>>>

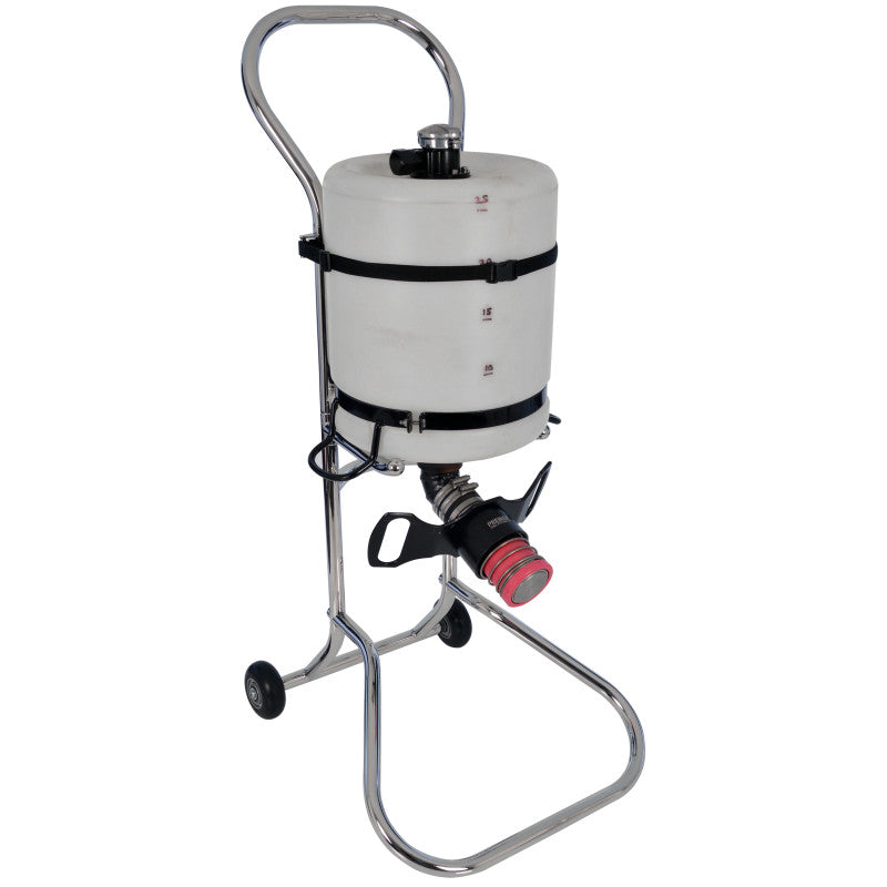 Manufactured from high quality 304 grade stainless steel with a superb hand-polished mirror finish, the Fuel Bottle Stand will provide longevity and comes fitted with heavy duty 100mm diameter wheels to allow for easy manoeuvrability.
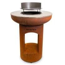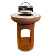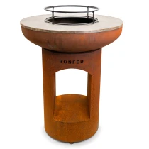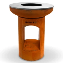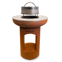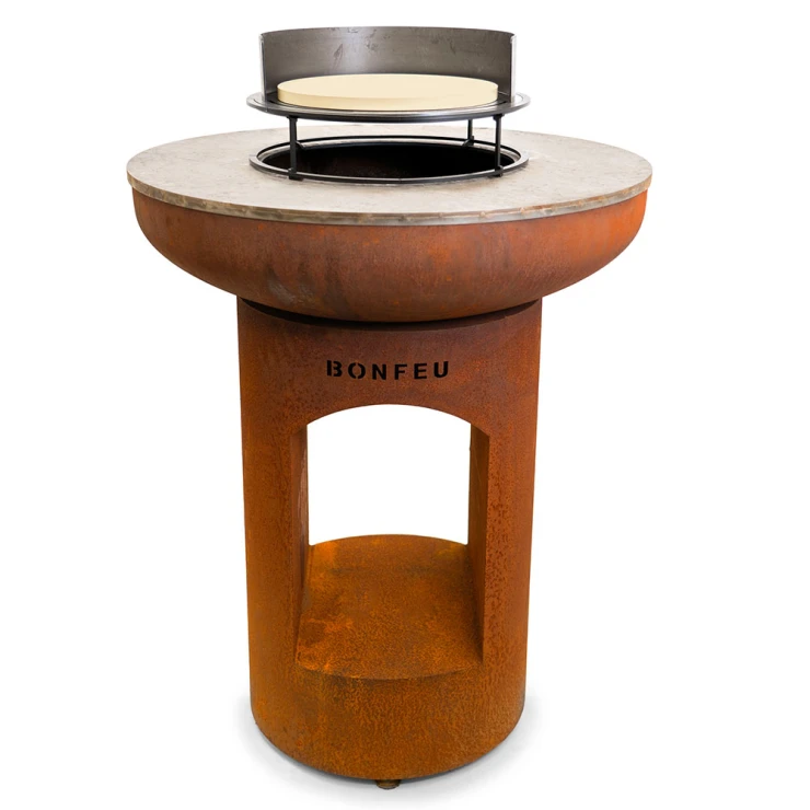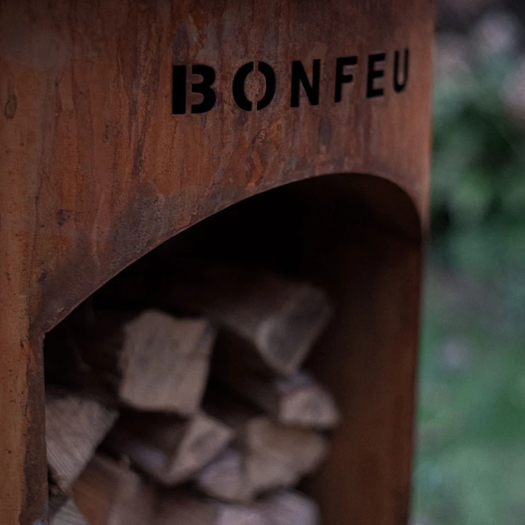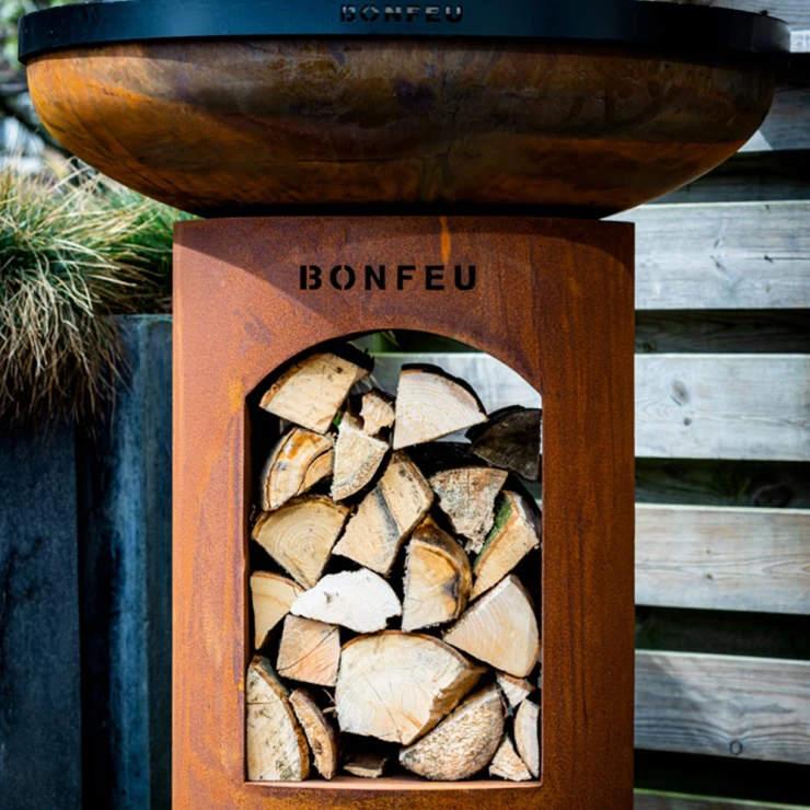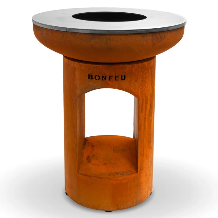 1. BonBiza Eldstad Öppen Cortenstål: BonBiza Öppen är flaggskeppet i BonFeu-kollektionen och ett komplett utomhuskök för plancha-matlagning och eldmys. Tillverkad av 2–3 mm tjockt cortenstål som utvecklar en naturlig rostpatina över tid. Den täta oxidhinnan skyddar materialet och gör eldstaden väderbeständig och frosttålig.
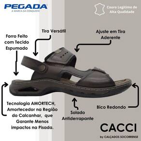 Ideal para você passar o dia com um estilo casual e cheio de conforto. Seu cabedal é confeccionado em couro e contém tiras auto colantes, além de uma tira traseira versátil que torna o modelo dois em um: uma sandália que vira chinelo., para um calce facilitado.
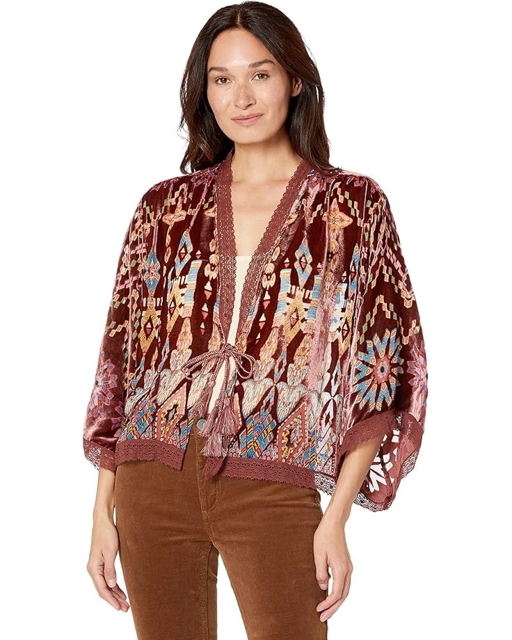 The Johnny Was® Geo Burnout Dazy Kimono is an effortlessly beautiful and admirable piece of clothing that can elevate your flair.SKU: #9848550Relaxed fit.Velvet fabrication.Three-quarter length kimono sleeves and V-neckline.Finished with lace.Tie closure on the front.High-low hemline.Allover print.82% rayon, 18% silk. Dry-clean.
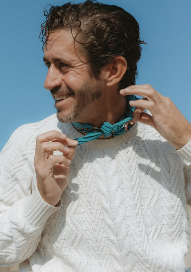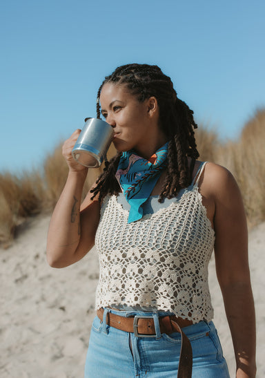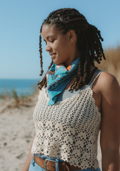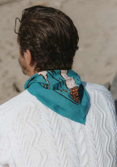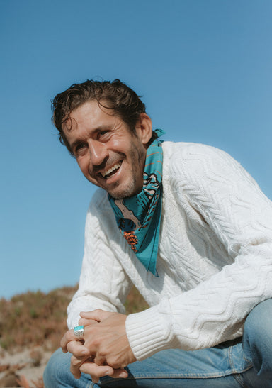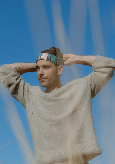 Fahrenno's bandana depicts his favorite coastal location on his island of Yogyakarta in Indonesia. The image in the design replicates (and inverts) the view from Parangtritis Beach, looking toward Merapi Mountain - an active volcano. The beach itself is steeped in local mythology, and is said to be a place to meet the legendary Nyai Loro Kidul or "Queen of the Southern Sea."

<<<

• **About this exercise**
Print out all the material word for word but exclude any images.

• **Solution for this exercise**
 Manufactured from high quality 304 grade stainless steel with a superb hand-polished mirror finish, the Fuel Bottle Stand will provide longevity and comes fitted with heavy duty 100mm diameter wheels to allow for easy manoeuvrability.
 1. BonBiza Eldstad Öppen Cortenstål: BonBiza Öppen är flaggskeppet i BonFeu-kollektionen och ett komplett utomhuskök för plancha-matlagning och eldmys. Tillverkad av 2–3 mm tjockt cortenstål som utvecklar en naturlig rostpatina över tid. Den täta oxidhinnan skyddar materialet och gör eldstaden väderbeständig och frosttålig.
 Ideal para você passar o dia com um estilo casual e cheio de conforto. Seu cabedal é confeccionado em couro e contém tiras auto colantes, além de uma tira traseira versátil que torna o modelo dois em um: uma sandália que vira chinelo., para um calce facilitado.
 The Johnny Was® Geo Burnout Dazy Kimono is an effortlessly beautiful and admirable piece of clothing that can elevate your flair.SKU: #9848550Relaxed fit.Velvet fabrication.Three-quarter length kimono sleeves and V-neckline.Finished with lace.Tie closure on the front.High-low hemline.Allover print.82% rayon, 18% silk. Dry-clean.
 Fahrenno's bandana depicts his favorite coastal location on his island of Yogyakarta in Indonesia. The image in the design replicates (and inverts) the view from Parangtritis Beach, looking toward Merapi Mountain - an active volcano. The beach itself is steeped in local mythology, and is said to be a place to meet the legendary Nyai Loro Kidul or "Queen of the Southern Sea."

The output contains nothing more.